REQUIRED ACTION :: Drop every image and restate the entries below word for word.

──────── EXERCISE DATA ────────

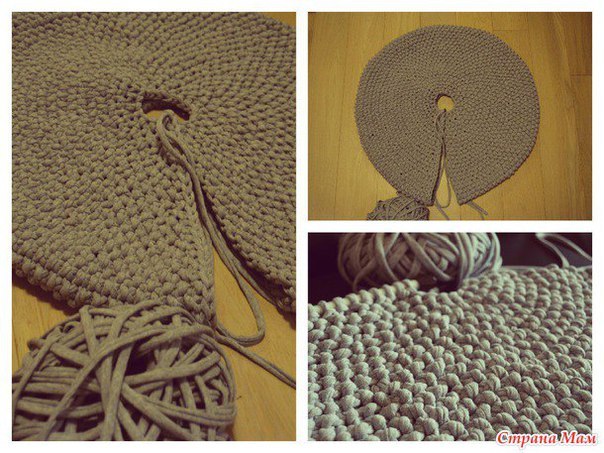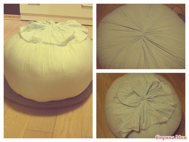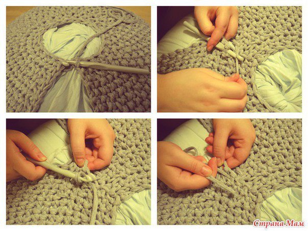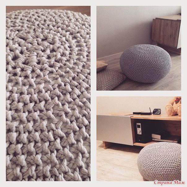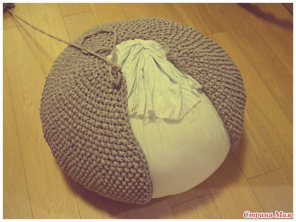 Пуфик спицами укороченными рядами из ленточной пряжи
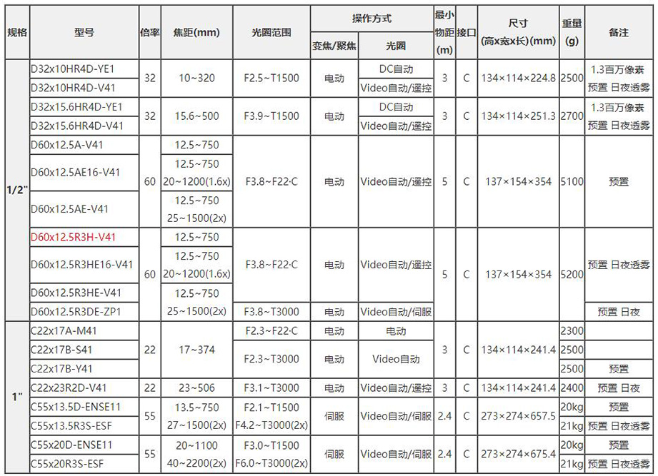 D32镜头系列是同级别中的对应1.3百万像素摄像机且兼具夜视功能的新款百万像素变倍镜头。
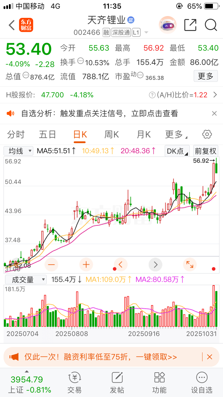 天齐锂业中线看涨,基本面0k,但是此价位不能买,等主力逼仓洗盘,有太多的大户赖着
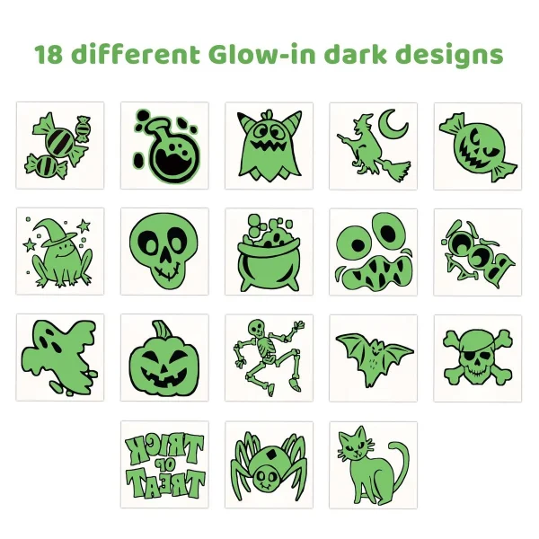 • Our Halloween Tattoo Designs include 1.5 inches by 1.5 inches Halloween Tattoos, 90 pieces of glow-in-the-dark tattoos, and 216 pieces of general tattoos which are a total of 306 awesome pieces!
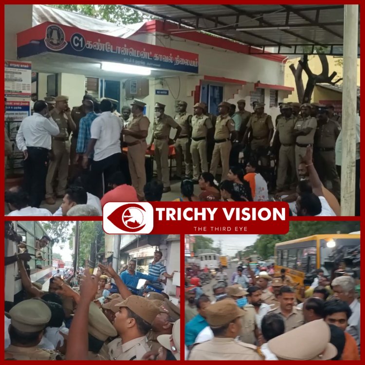 இதுகுறித்து தகவலறிந்த பாரதிய ஜனதா கட்சியின் மாவட்ட தலைவர் ராஜசேகர் தலைமையில் கட்சியினர் 20க்கும் மேற்பட்டோர் கண்டோன்மென்ட் காவல் நிலைய முன்பு அமர்ந்து தர்ணாவில் ஈடுபட்டு வருகின்றனர். இதன் காரணமாக அசம்பாவிதங்கள் ஏற்படாத வகையில் அப்பகுதியில் காவல்துறையினர் குவிக்கப்பட்டு உள்ளனர்.
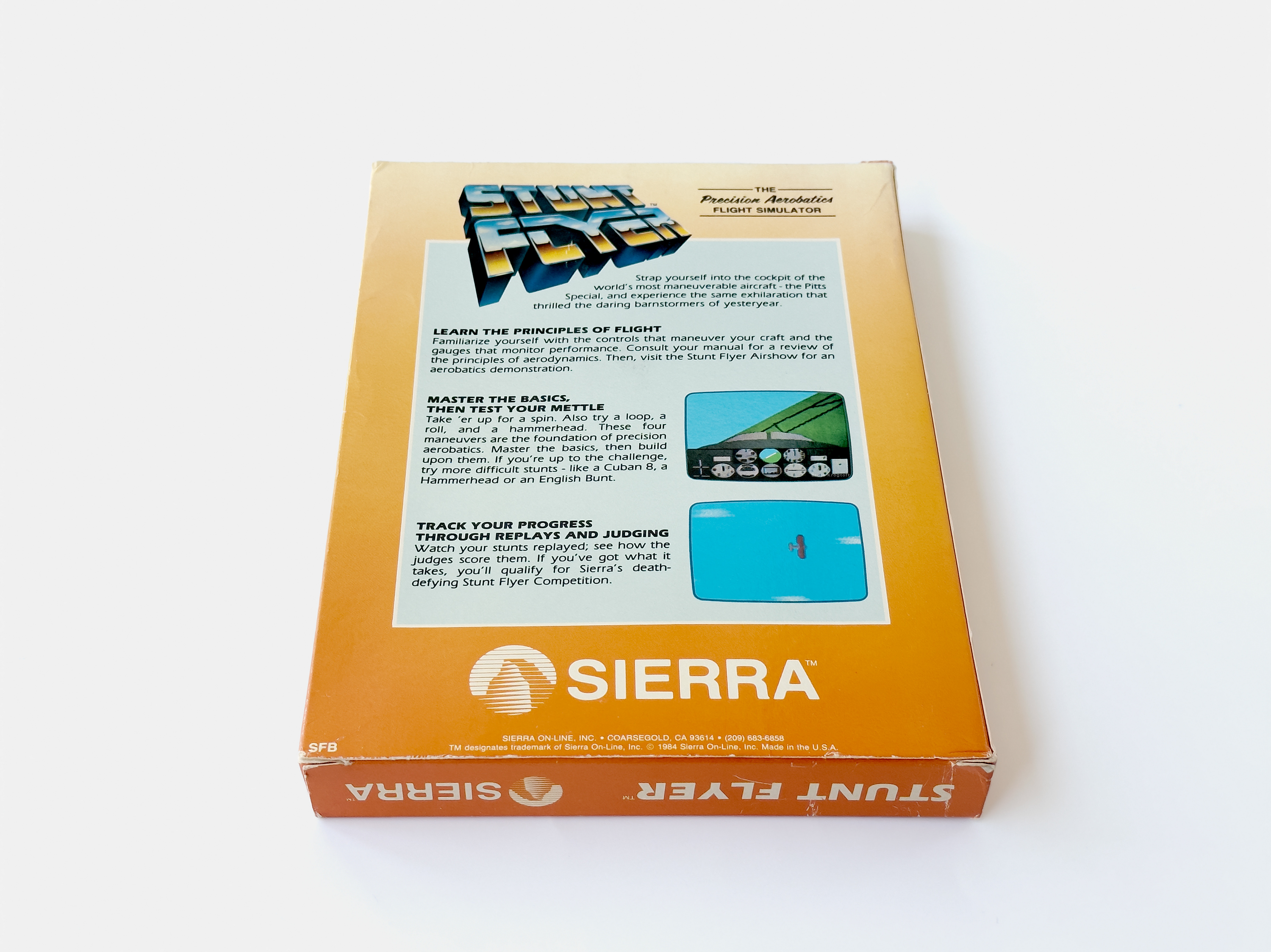 Stunt Flyer came with a 48-page elaborate manual, introducing the player to the principal of aerodynamics and the world of aerial acrobatics with many of the most popular maneuvers described in detail.
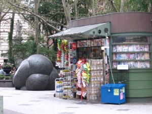 That evening, after work, when I exited the 72nd Street station on the 73rd Street side, I had the sick feeling that Odalisca had left the premises, but much to my delight I found her now perched near a newsstand.  Possibly it was decided that she was hogging too much space in the area where music is performed on weekends so she was moved a little lower and to the left of the station’s entrance.
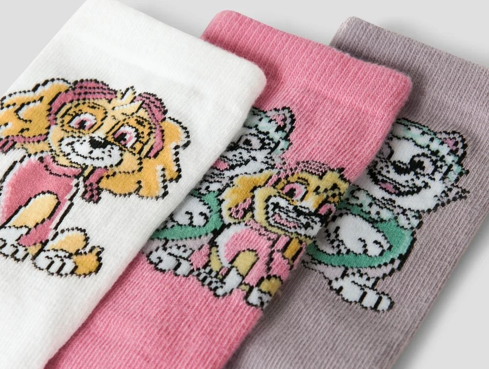 3-pak Paw Patrol strømper fra Name It i rosa, hvid og lilla
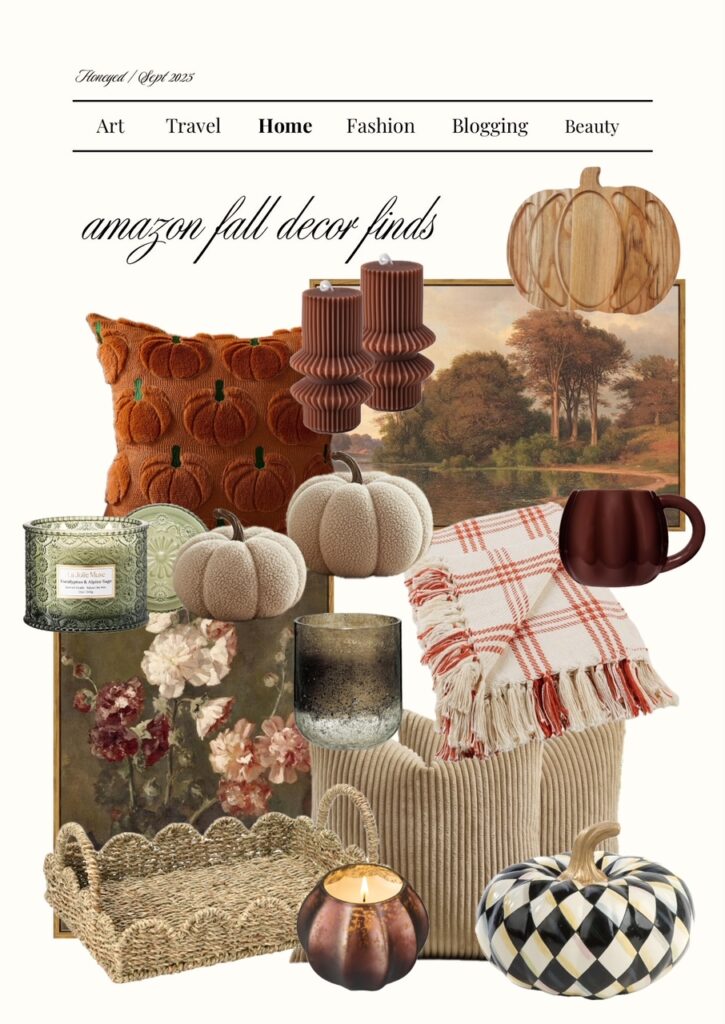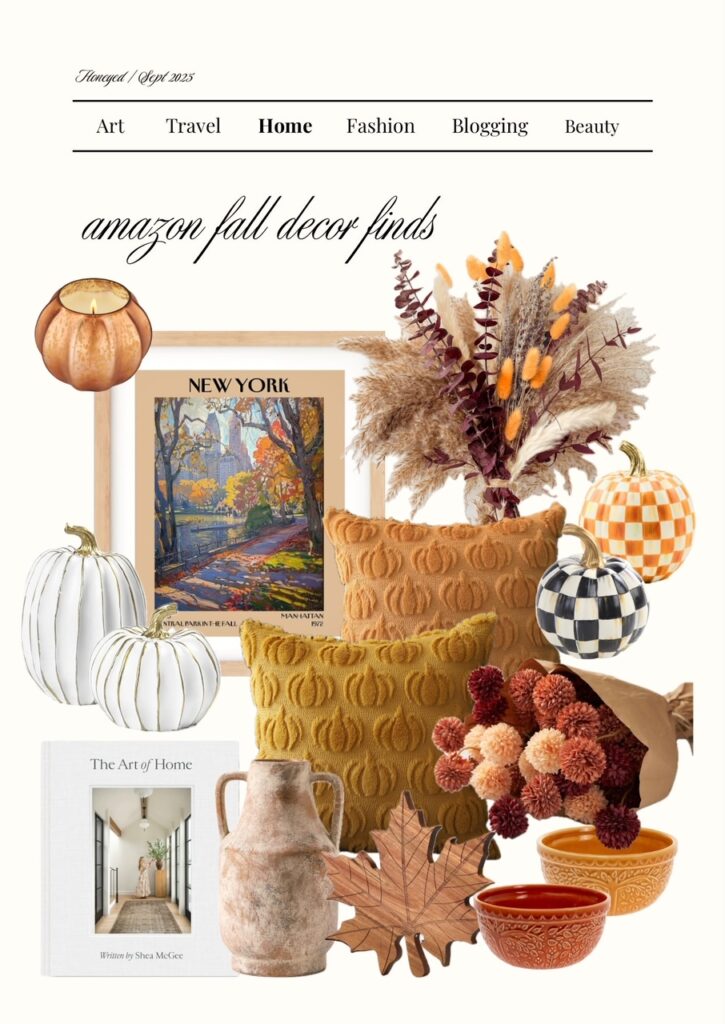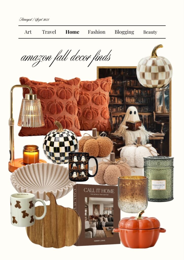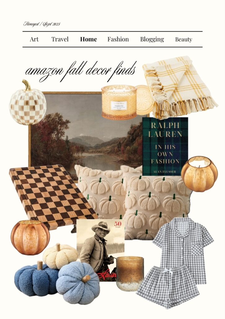 To elevate your space this Fall, I would change out the pillows, curtains, and blankets in the living room. Update your coffee bar or kitchen counter space with fall mugs and wooden cutting boards. Arrange some fall candles in your entryway, along with a new wall art piece and you’ll have a quick home transformation for the season. My Amazon home fall picks are the checkered cutting board, Ralph Lauren coffee table books, teddy bear mug, wicker tray, and Mackenzie Childs ceramic pumpkins! Save this post for later on Pinterest. Happy shopping!

────────

ANSWER TO THE PROBLEM ::
 Пуфик спицами укороченными рядами из ленточной пряжи
 D32镜头系列是同级别中的对应1.3百万像素摄像机且兼具夜视功能的新款百万像素变倍镜头。
 天齐锂业中线看涨,基本面0k,但是此价位不能买,等主力逼仓洗盘,有太多的大户赖着
 • Our Halloween Tattoo Designs include 1.5 inches by 1.5 inches Halloween Tattoos, 90 pieces of glow-in-the-dark tattoos, and 216 pieces of general tattoos which are a total of 306 awesome pieces!
 இதுகுறித்து தகவலறிந்த பாரதிய ஜனதா கட்சியின் மாவட்ட தலைவர் ராஜசேகர் தலைமையில் கட்சியினர் 20க்கும் மேற்பட்டோர் கண்டோன்மென்ட் காவல் நிலைய முன்பு அமர்ந்து தர்ணாவில் ஈடுபட்டு வருகின்றனர். இதன் காரணமாக அசம்பாவிதங்கள் ஏற்படாத வகையில் அப்பகுதியில் காவல்துறையினர் குவிக்கப்பட்டு உள்ளனர்.
 Stunt Flyer came with a 48-page elaborate manual, introducing the player to the principal of aerodynamics and the world of aerial acrobatics with many of the most popular maneuvers described in detail.
 That evening, after work, when I exited the 72nd Street station on the 73rd Street side, I had the sick feeling that Odalisca had left the premises, but much to my delight I found her now perched near a newsstand.  Possibly it was decided that she was hogging too much space in the area where music is performed on weekends so she was moved a little lower and to the left of the station’s entrance.
 3-pak Paw Patrol strømper fra Name It i rosa, hvid og lilla
 To elevate your space this Fall, I would change out the pillows, curtains, and blankets in the living room. Update your coffee bar or kitchen counter space with fall mugs and wooden cutting boards. Arrange some fall candles in your entryway, along with a new wall art piece and you’ll have a quick home transformation for the season. My Amazon home fall picks are the checkered cutting board, Ralph Lauren coffee table books, teddy bear mug, wicker tray, and Mackenzie Childs ceramic pumpkins! Save this post for later on Pinterest. Happy shopping!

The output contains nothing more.